Gentle hugs, Shirlann 

LorenaB
Joined: Feb 2008
Posts: 544
May 10, 2008 08:24 am, edited May 10, 2008 08:26 AM by LorenaB LorenaB wrote:

Daphne, I agree that your kids need to know what is going on -- I think it will be scarier and harder for them if they don't understand what their mom is going through.  I had a very wise piece of advice from the social worker at the hospital where I'm getting treatment: You don't have to tell children everything, but everything you tell them should be the truth. (Actually, I think this is good advice for parenting in general.)  I don't mean that it's not ok to tell them that you'll be ok in the end even if you are afraid that this may not be the truth -- because the truth is, most of us do come out on the other side and live out our lives (and I'm certainly not planning for any other path!).

My son is younger than your kids (he turned 7 in March) but I've found that short, not-too-heavy conversations inserted when it feels right have worked better than sitting down to have "the talk."  When I first told him about cancer and surgery, he listened briefly to my explanation but soon got up and started bouncing around the room.  Right around when I was dx, his father (we're separated) had a bad case of kidney stones.  Even though the comparison isn't remotely medically accurate, I tried to explain that just like Papa needed to get those little rocks out of his body, I needed to get the "bump" out of my breast, but they needed to do surgery to take it out.  Also, he had just been watching the Magic School Bus episode where they take a journey through the inside of the body, so I tried to use this to help him to understand. 

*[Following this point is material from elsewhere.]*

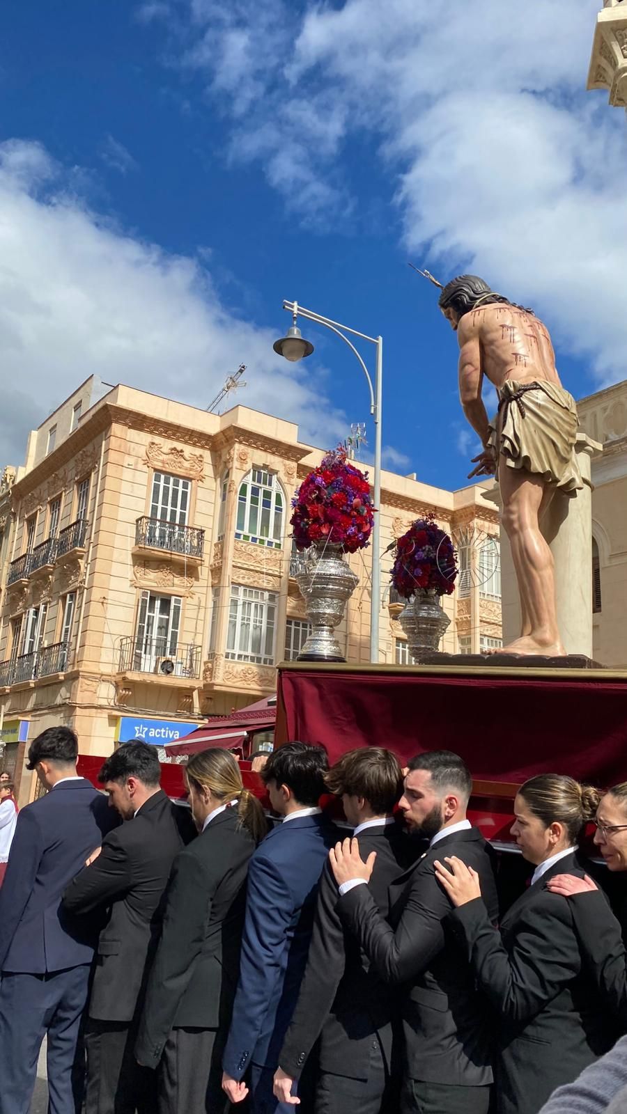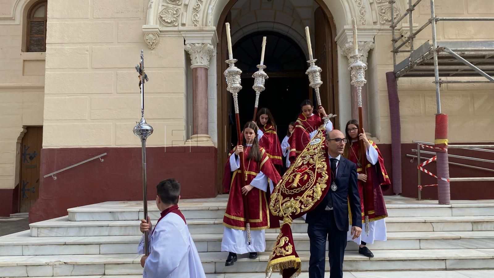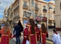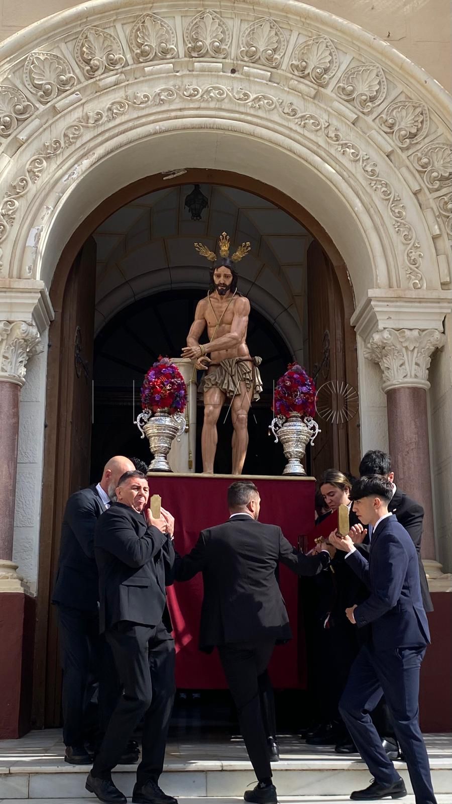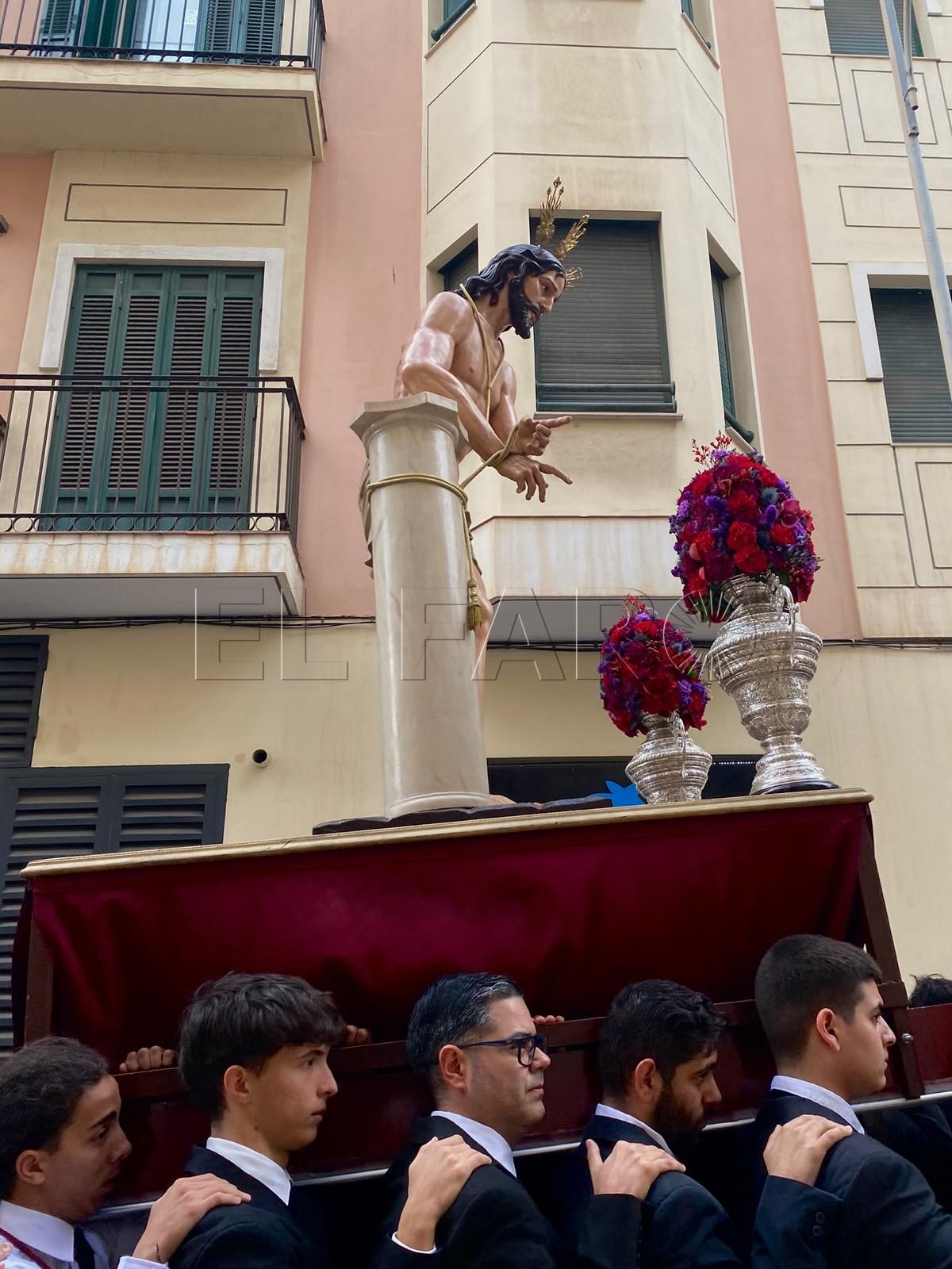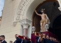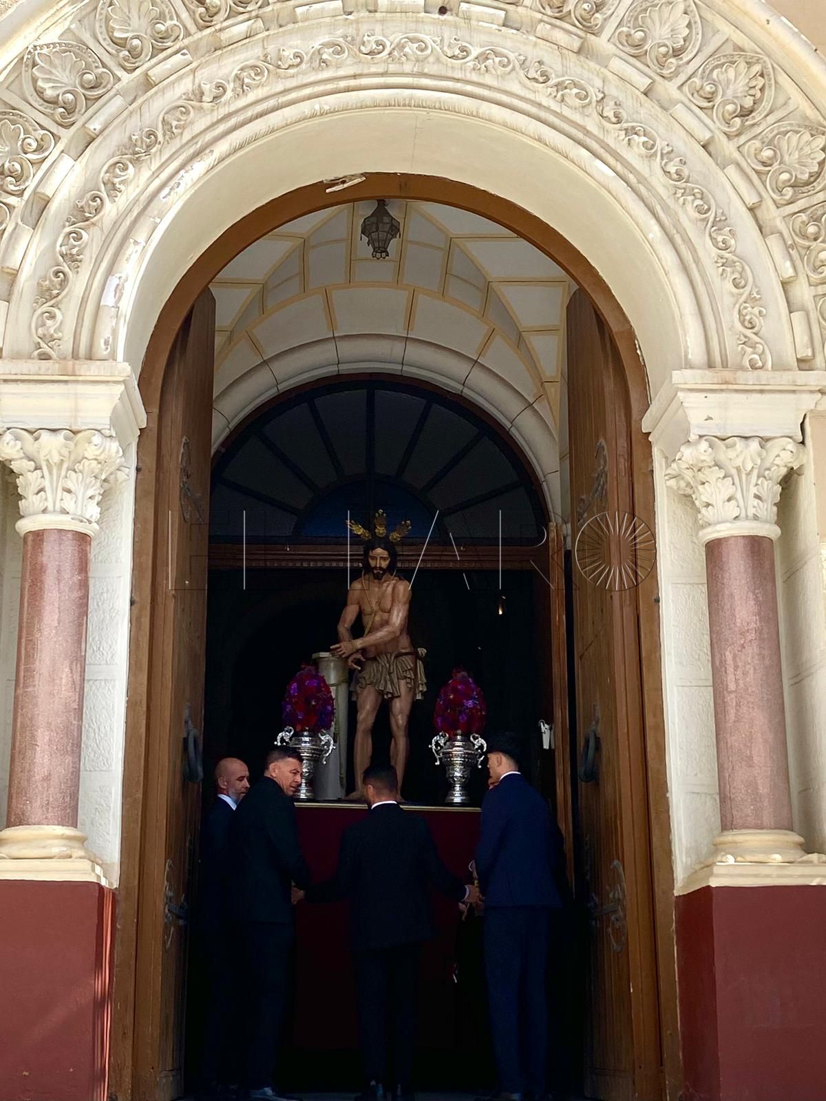 La iglesia del Sagrado Corazón ha sido el punto de encuentro de los hermanos de la Cofradía de la Flagelación con motivo del traslado de sus titulares hasta la Casa Hermandad, situada en el barrio ‘Batería Jota’.

Then when I started chemo in March, I described it like a "crazy medicine" that will make me sicker before it makes me better, and I tried to make it sound silly that soon he would have a "bald Mom."  He was sort of freaked out for a few days but at this point, he is the person who is least bothered by my hair loss -- honestly, I still can't look in the mirror at my bald head without cringing but he isn't bothered by it at all. I have not yet told him about my upcoming mastectomy - I think it's better to wait until a few weeks before, so that he knows what the plan will be for him while I'm recovering (he's going to stay with his father for 2-3 weeks) and can process the information, since at his age he's just getting the concepts of dates and waiting, etc.  Obviously this is different for your children since they are older.

Sorry for writing a book - I know our experiences aren't identical, but I hope some of this is helpful.  I also agree with what Shirlann said about treatment and survival rates being VERY different now than they were a decade ago.  I hope this will be a big reassurance to your kids, especially the 12-year-old who can really understand such things.

Good luck!


Dx 12/20/2007, IDC, 1cm, Stage II, Grade 3, 1/11 nodes, ER+/PR+, HER2-
chemosabi
Joined: Jul 2005
Posts: 7044
May 10, 2008 10:32 am chemosabi wrote:

For Our Children:

http://www.youtube.com/watch?v=nvRoV_Mj0pA

Nicki
DAPHNESPLAC…
Joined: Apr 2008
Posts: 42
May 10, 2008 08:33 pm DAPHNESPLACE wrote:

Thanks for all the kind words. I am hoping to talk to the kids tomorrow.